Closed Quuxplusone closed 8 years ago
Attached big-global.cc
(1570 bytes, text/x-c++src): reproduction
As Chandler correctly explains, the problem is unrelated to r159191 -- it was
just triggered by it.
Here is a simpler repro which does not depend on r159191
% cat asan_glob.sh
#!/bin/bash
RANDOM=123 # seed
echo "int foo();"
echo "void bar(int *a) {"
for ((i = 0; i < $1; i++)); do
echo " a[$RANDOM] = foo();"
done
echo "}"
% for((i=1024; i <= 8192; i*=2)); do ./asan_glob.sh $i > a.c; echo $i; time
clang -O2 -faddress-sanitizer -c a.c ; done
1024
TIME: real: 2.381; user: 1.550; system: 0.050
2048
TIME: real: 4.622; user: 3.650; system: 0.100
4096
TIME: real: 17.108; user: 12.670; system: 0.320
8192
TIME: real: 78.303; user: 62.300; system: 0.480
28.47% [.] llvm::LiveInterval::extendIntervalEndTo(llvm::LiveRange*, llvm::SlotIndex)

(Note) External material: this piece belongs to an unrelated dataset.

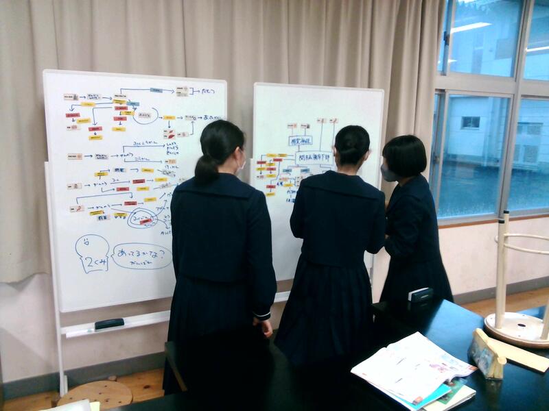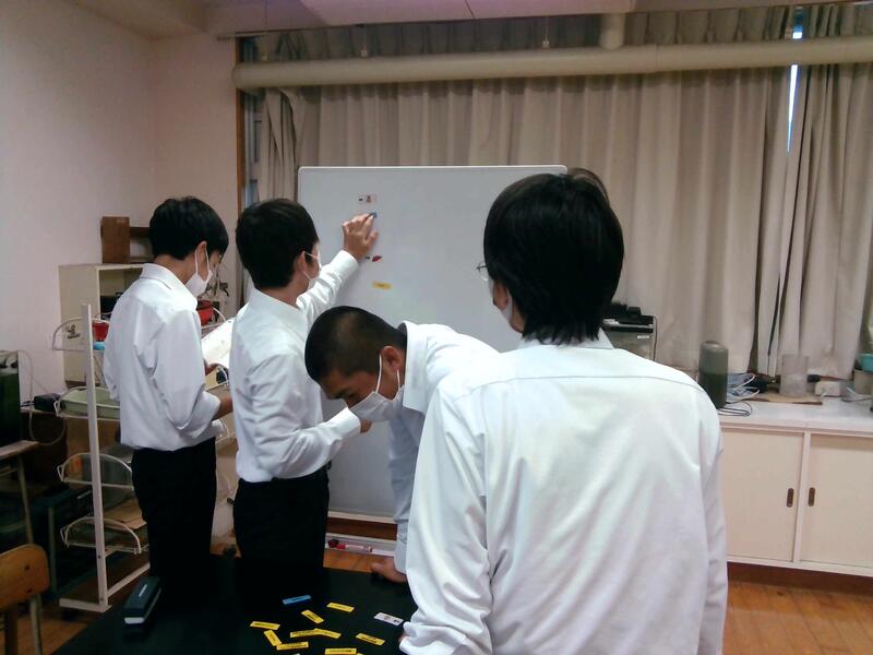 恒常生の単元の復習としてこれまで学んだことを図に示す、班活動を行いました。ホルモンや神経、各器官の書かれたカード使用して図を作成していきます。開始直後から互いに意見を出し合い、活発に活動が始まりました。互いの意見がぶつかる場面もありましたが、納得する形に収まる様子を見てとてもおもしろかったです。

6.88% [.] llvm::SlotIndex::operator<(llvm::SlotIndex) const
3.79% [.] findLocalKill(unsigned int, llvm::MachineBasicBlock*, llvm::MachineInstr*, llvm::MachineRegisterInfo*, llvm::DenseMap<llvm::MachineInstr*, unsigned int, llvm::DenseMapInfo<llvm»
3.65% [.] llvm::LiveIntervals::checkRegMaskInterference(llvm::LiveInterval&, llvm::BitVector&)

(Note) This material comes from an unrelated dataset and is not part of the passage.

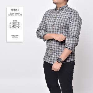 distributor Kemeja Flanel Planel Pria Murah Wasses Hitam Abu-abu Keren Lelaki Cowo - M
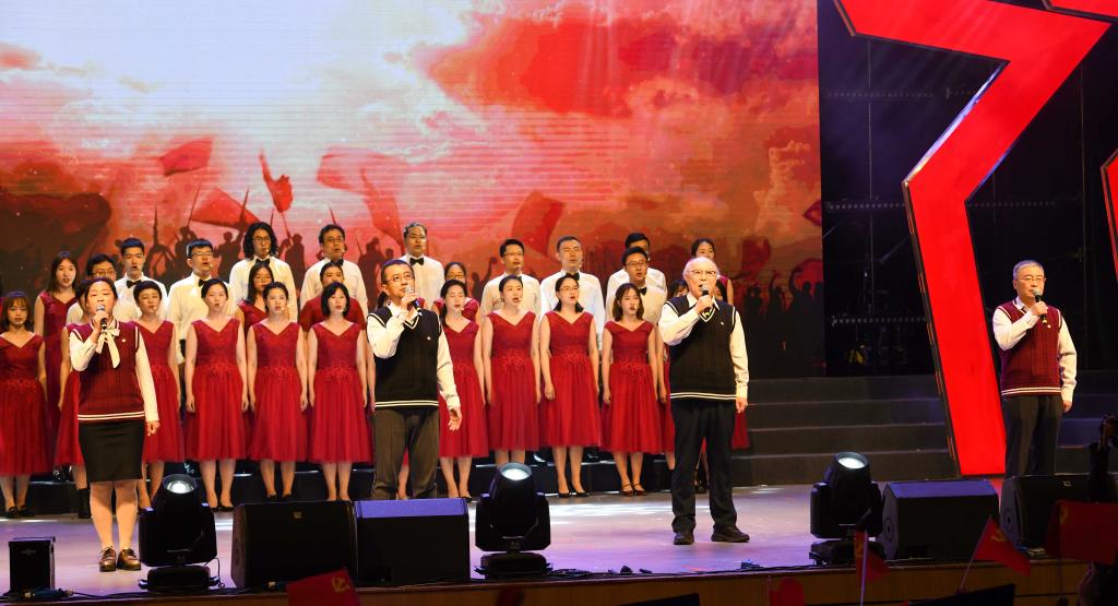 《东方红》《井冈山下种南瓜》《咱们工人有力量》《在希望的田野上》《我们走在大路上》《在灿烂阳光下》……由学生代表、教师代表、退休教师合唱团、附属实验小学、后勤集团、保卫处教职员工等百余人放声高歌的《百年礼赞》,用一曲曲耳熟能详的经典旋律回顾了中国共产党带领全国人民夺取革命、建设、改革重大胜利的光辉历程,唱出了同济人科教报国的壮志豪情、迈向新征程的理想希冀。

3.52% [.] llvm::ilist_sentinel_traits<llvm::SparseBitVectorElement<128u> >::ensureHead(llvm::SparseBitVectorElement<128u>*&)

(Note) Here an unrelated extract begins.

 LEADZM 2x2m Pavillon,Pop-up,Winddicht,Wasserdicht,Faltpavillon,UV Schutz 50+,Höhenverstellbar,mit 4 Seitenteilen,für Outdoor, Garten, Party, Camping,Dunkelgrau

3.40% [.] llvm::LiveInterval::overlapsFrom(llvm::LiveInterval const&, llvm::LiveRange const*) const
2.98% [.] llvm::SlotIndex::operator<=(llvm::SlotIndex) const
2.81% [.] llvm::Instruction::setParent(llvm::BasicBlock*)
2.57% [.] llvm::LiveInterval::addRangeFrom(llvm::LiveRange, llvm::LiveRange*)
2.38% [.] llvm::SparseBitVector<128u>::FindLowerBound(unsigned int)
2.38% [.] llvm::MachineRegisterInfo::defusechain_iterator<true, false, true>::operator++()
1.99% [.] llvm::LiveIntervalUnion::Query::collectInterferingVRegs(unsigned int)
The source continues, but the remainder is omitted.